While pellets in an automatic feeder must be kept dry, food placed in a hog trough can be mixed with water, milk or whey if desired. Will your hogs prefer their rations in this manner, and is it worth the extra effort to you? It’s one of those things that will be determined on an individual basis.
Some producers allow their pigs to eat as much as they want (this is known as “free choice” or “full feeding”), while others limit food to 90 percent of their appetite. Once a pig reaches 75 pounds, he will consume one pound of feed for every 25 to 30 pounds of body weight each day. Weaners will need more food in relation to their body weight than older pigs, and they require a higher protein content than the regular mix.
The 90 percent method is suitable for the person who wants a low-fat carcass. It will take a little longer to get a hog to butchering weight this way, but it is an option for those who prefer leaner cuts. It also requires a more hands-on approach, as extra feed will have to be removed within 20 to 30 minutes after feeding time.
When you start doing free range pig farming, be very diligent when it comes to maintaining an adequate supply of water. A growing pig can consume as much as seven gallons on a hot day. Water can be stored in troughs, salvaged materials such as old washtubs and tanks, or in fountain-style drinkers that can be attached to 55-gallon drums. A sturdy homemade pig waterer will be required, though—hogs will tip a trough or tub over on a hot day as they attempt to climb in and wallow in the cool water. Klober welds iron bars across the tops of his troughs to prevent his hogs from jumping in.
Water is vital not only for the health of the pig, but also for the efficiency of raising free-range pigs on your homestead.
From the weaner stage to butchering at seven or eight months, a pig converts feed to meat at a ratio of roughly 3.2 to 1. When temperatures rise above 80º F, that ratio drops dramatically, and pigs burn up calories just to stay alive rather than fattening up hams and loins.
Be extra diligent about providing a generous supply of water in hot conditions. If the heat is intense, it might pay to extend a garden hose to the hog pen and create a wallow as the water mists the enclosure. Make sure the wallow is in the sunny part of the pen.
Free Range Pig Farming: The Pastured Pig
Even more than money, time is the one asset that is always in short supply for the active homesteader. That means working smarter instead of working harder should be the goal of the small farmer who is raising free range pigs, and one way to do this is to let your pigs feed themselves by raising pigs on pasture.
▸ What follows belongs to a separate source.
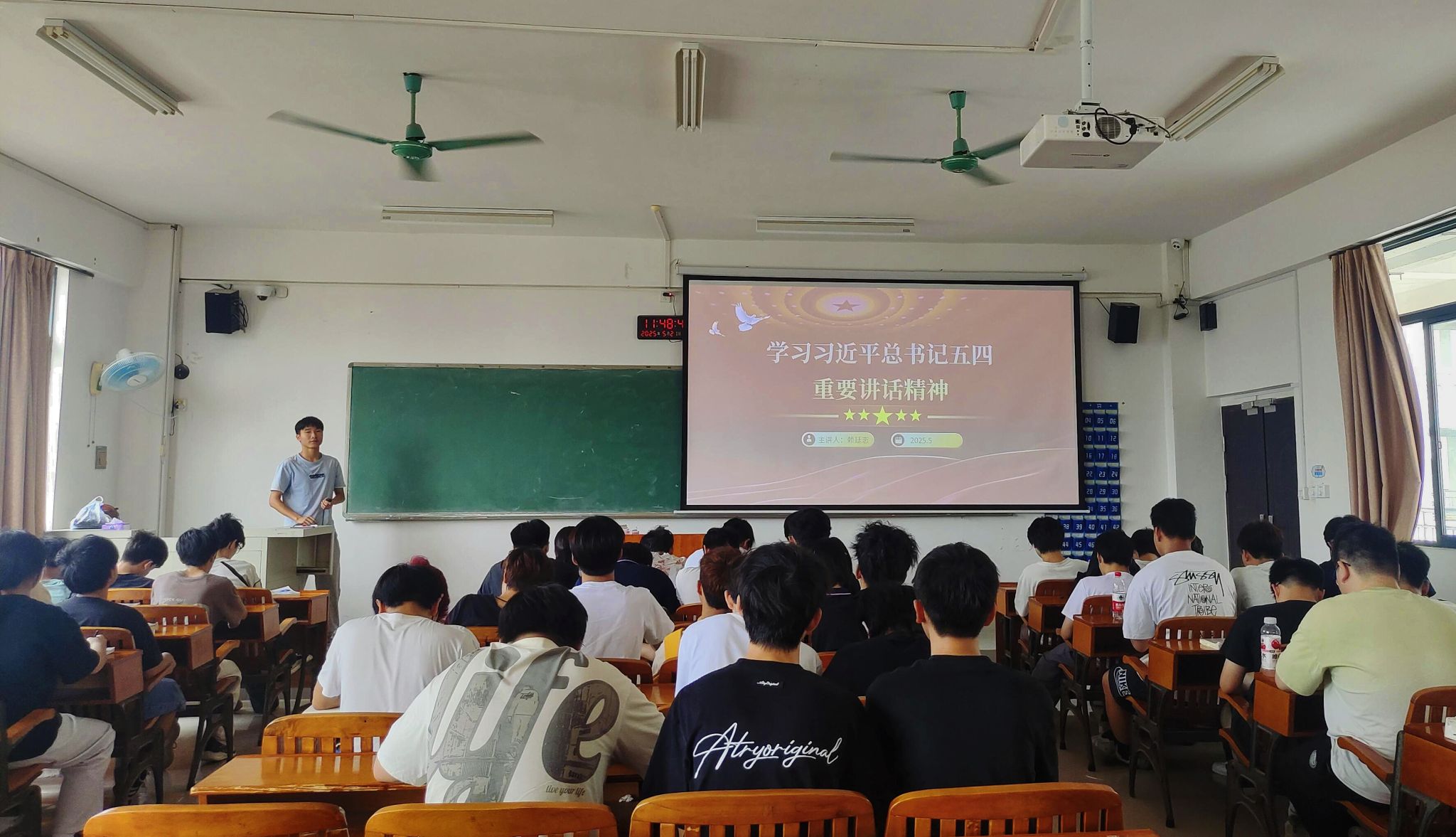 活动中,团支书带领同学们共同学习《习近平总书记给谢依特小学戍边支教西部计划志愿者服务队队员回信》,从习近平总书记的回信中汲取奋进力量,激励同学们牢记习近平总书记的殷殷嘱托,坚定理想信念。通过相关视频短片,生动再现当时青年学生参与五四运动的激情燃烧场景,让团员青年们对五四运动的爆发背景、发展历程有了更为直观且深刻的认识。在“新时代青年的使命与选择”主题研讨环节,同学们围绕“个人理想与国家需求如何同频共振”展开热烈讨论,大家纷纷表示,要练就过硬本领,发扬奋斗精神,以更加饱满的热情和坚定的信念躬身力行,将理想信念转化为服务社会的实际行动。

Sound ridiculous? For at least part of the year, movable fencing will allow you to place animals where there is surplus food. One example would be a harvested potato field or a patch of Jerusalem artichokes, turnips, rutabagas or another root plant. If there’s food around, the pigs will find it and dig it out. In addition to using produce that would otherwise go to waste, the pigs will do a magnificent job of tilling and fertilizing the soil without fossil fuels or chemicals as they root around.
Pigs can also be placed in standing grain fields after they have ripened and are starting to turn brown. They’ll clean up the grain with great efficiency and provide tilling and fertilizer without any effort on your part. This “old-fashioned” method is scorned by the corporate farm types, but it always generates interest among homesteaders.
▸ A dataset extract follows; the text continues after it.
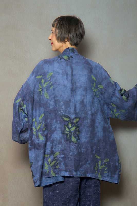 CLOUD TIE DYE FLORAL KANTHA KIMONO COLLAR JACKET - uf2j108-blu -
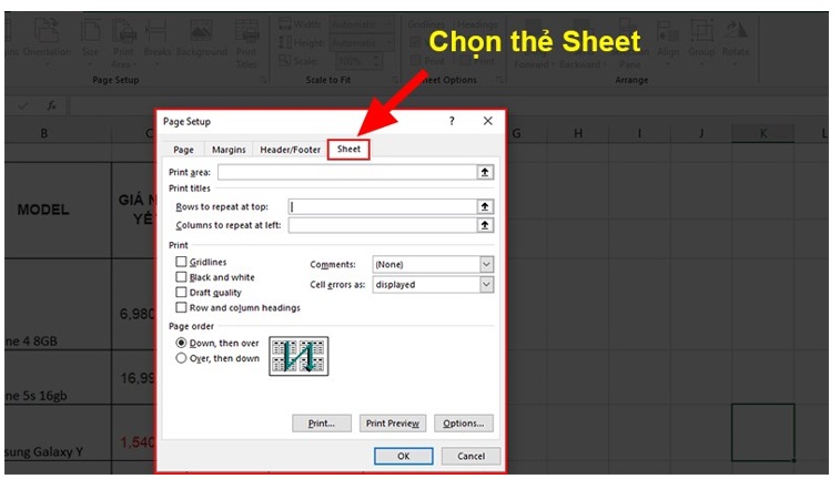 Bước 2: Hộp thoại Page Setup sẽ hiện lên thì bạn hãy đảm bảo rằng mình đang ở thẻ Sheet.

Pigs will graze on alfalfa and other forage crops. While hay alone won’t provide a pig with all of his dietary needs (you’ll need to supplement with grain), it does lighten your workload and expenses. Most importantly, it also means a healthier pig. According to Belanger, pigs need more than 30 vitamins and minerals for optimal health. How can you provide such a complex mix without an advanced degree in chemistry? Let the pig do the work!
Free range pig farming is one of the best ways to ensure that your animals get all of the nutrition they need. All of that rooting, digging and foraging in the dirt provides pigs with many of the elements they need. Even those who raise pigs indoors in confinement settings recognize this to some degree. Sick pigs are often given a chunk of fresh sod, some dirt and even a little time in the sun. In many cases, this drug-free cure does the trick.
While the “tiller pig” concept is usually thought to be a summer and fall technique, it can also be employed in the spring. Done properly, it may save you the cost of renting or buying and maintaining a rototiller, according to one low-budget but creative homesteader. “Get the pigs in the spring a month before you plant the garden,” he advised. “We start our pigs in portable pens around wherever our garden area will be. We supply them with oats and table scraps. The garden is all dug up and fertilized, and they also dig up rocks.” Just another reason to consider raising free-range pigs on your homestead.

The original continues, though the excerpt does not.